CanonIQ fits anywhere you repeatedly ingest external data into a trusted model:

- **Higher education** — map a new SIS/LMS export onto your OneRoster/Ed-Fi/CEDS student model.
- **Retail** — normalize supplier catalogs to a GS1 GTIN / schema.org product model.
- **Healthcare** — align partner feeds to an HL7 FHIR R4 `Patient` model with PHI masking.
- **Finance** — reconcile bank/payment files to an ISO 20022 transaction model with IBAN checks.
- **Logistics** — unify carrier feeds to a GS1 SSCC / SCAC shipment model.
- **SaaS onboarding** — turn every customer's CSV upload into your internal schema automatically.
- **AI agent platforms** — give an agent a deterministic, explainable tool for schema mapping.

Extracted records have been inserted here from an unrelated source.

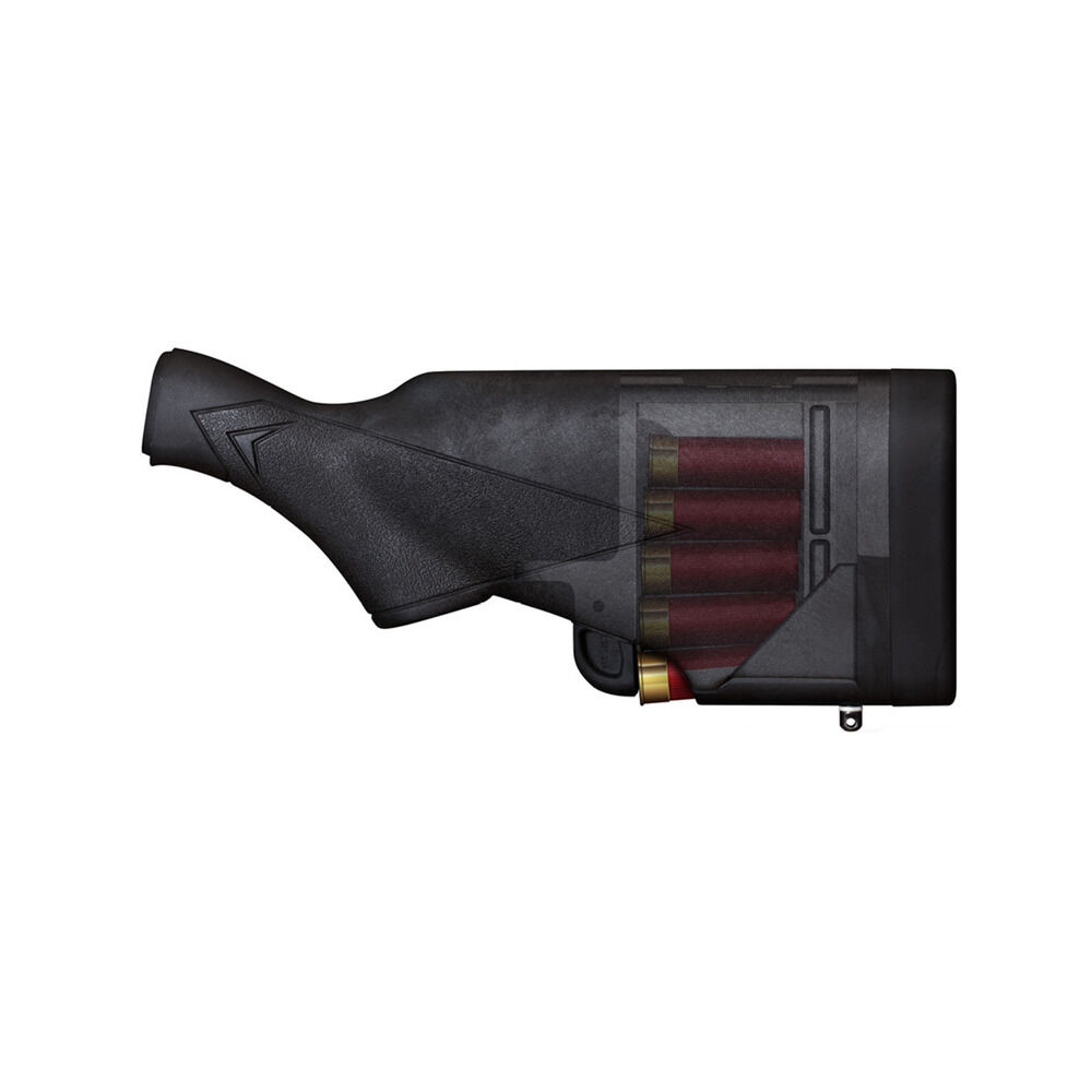 Kaliber 12GA (12/70, 12/76, 12/89), Flinte Mossberg Modell 500, 535, 590, 600, 835 und/oder Maverick 88, Hinterschaft Flash-5 mit Patronenfach für 5/fünf Patronen Synthetic schwarz, mit Recoil Pad/Schaftkappe und Riemenbügelöse montiert, für Rechts- oder Linkshänder geeignet, Lieferung ohne Schaftbefestigungsschraube, Code TLFL5-M5012 TactaLoad USA. Eine fachgerechte Montage wird empfohlen - Preis gültig für 1/einen Schaft Code TLFL5-M5012 - Blitzschneller Zugriff auf 5/fünf geschützte Reservepatronen!
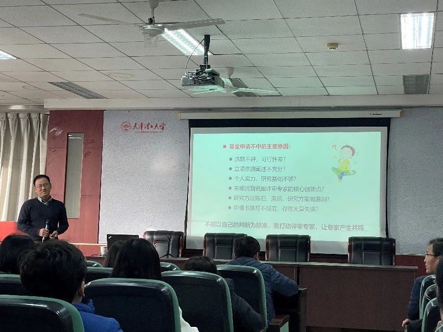 近日,材料科學與工程學院和新能源材料與低碳技術研究院在12號樓506會議室聯合開展國家自然科學基金申報推動會,活動邀請到國家杰出青年基金獲得者、南開大學李福軍教授作《國家自然科學基金申報經驗與教訓》的專題報告,60余名教師現場參會。
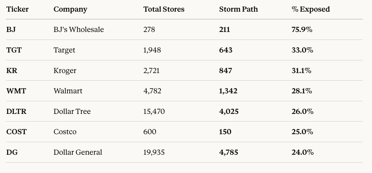 Store location data is based on publicly available information and third-party sources. Exact store counts may vary, but regional exposure percentages reflect approximate market concentration and are directionally accurate for assessing weather-related sales impact.
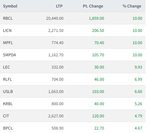 यस्ता छन् आज शेयर बजारमा लगानीकर्तालाई मालामाल बनाउने १० कम्पनी
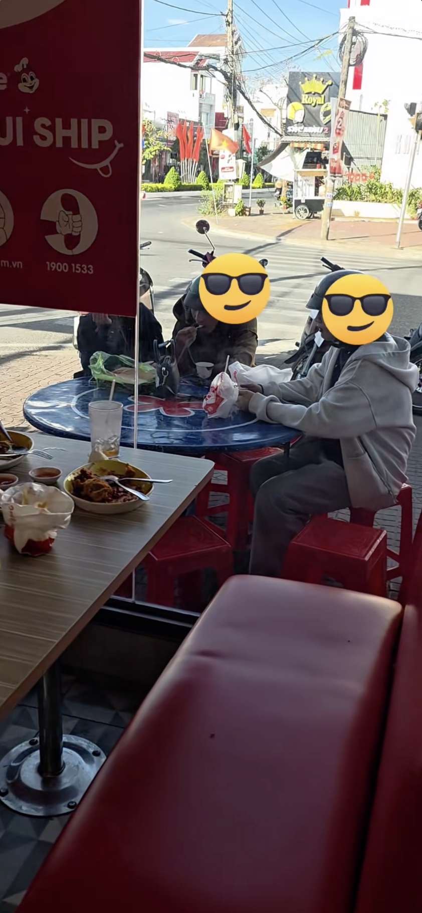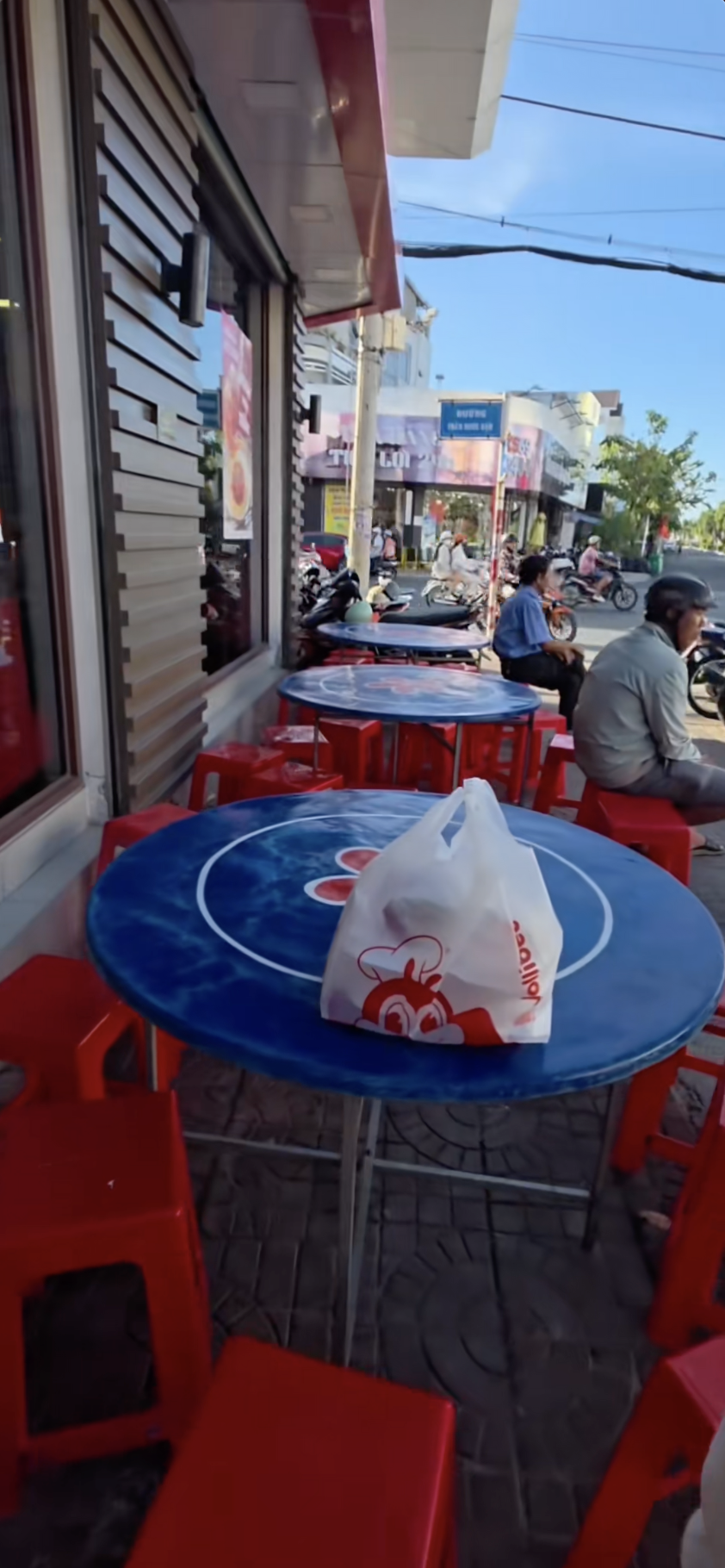 Một chi nhánh Jollibee Cần Thơ khiến nhiều thực khách thích thú với bộ bàn ghế được bày bên ngoài quán. Ảnh: @mybibis.diary

See the per-domain walkthroughs in [`docs/`](docs/) and the **runnable sample use-cases** in
[`examples/`](examples/README.md) (`python examples/<domain>/demo.py`).

---

## Documentation

New here? Start with the **[Education & Onboarding Guide](docs/education/README.md)** — a
plain-English walkthrough of what CanonIQ is, why it's built this way, how to demo it, and
how to extend it.

| Doc | What it covers |
|---|---|
| [docs/education/](docs/education/README.md) | Plain-English guide: approach, architecture, onboarding, demos, use cases |
| [docs/quickstart.md](docs/quickstart.md) | Install, first pipeline, CLI + SDK |
| [docs/demos.md](docs/demos.md) | STAR walkthroughs of all 5 domain demos: the problem each solves + real output |
| [docs/onboarding.md](docs/onboarding.md) | Config-driven auto-onboarding: readiness scoring, build-your-own, enterprise adoption |
| [docs/concepts.md](docs/concepts.md) | Profiles, schemas, scoring, gating, drift |
| [docs/architecture.md](docs/architecture.md) | Module layout and data flow |
| [docs/connectors.md](docs/connectors.md) | How to add a connector |
| [docs/sources.md](docs/sources.md) | Source-config format, secrets, sampling |
| [docs/domain_packs.md](docs/domain_packs.md) | How to add a new domain |
| [docs/standards_mapping.md](docs/standards_mapping.md) | Canonical fields ↔ industry standards |
| [docs/roadmap.md](docs/roadmap.md) | Release plan |

Per-domain use cases:
[higher-ed](docs/higher_ed_use_case.md) ·
[retail](docs/retail_use_case.md) ·
[healthcare](docs/healthcare_use_case.md) ·
[finance](docs/finance_use_case.md) ·
[logistics](docs/logistics_use_case.md)

---

## Privacy & security

- Local-first: no source data, schemas, or mappings leave your machine in the core package.
- No telemetry in the MVP. No external API calls from the core.
- High-PII/PHI sample values are masked by default before they leave the profiler.
- All bundled example data is **synthetic**. No secrets live in the repo — source configs reference
  `${ENV}` variables only.

Report vulnerabilities per [SECURITY.md](SECURITY.md).

---

## Development

```bash
pip install -e ".[dev]"
pytest --cov=canoniq --cov-report=term-missing   # ≥80% coverage, zero network calls
ruff check canoniq
mypy canoniq
```

See [CONTRIBUTING.md](CONTRIBUTING.md) and [CODE_OF_CONDUCT.md](CODE_OF_CONDUCT.md).

## License

[Apache-2.0](LICENSE) © The CanonIQ contributors.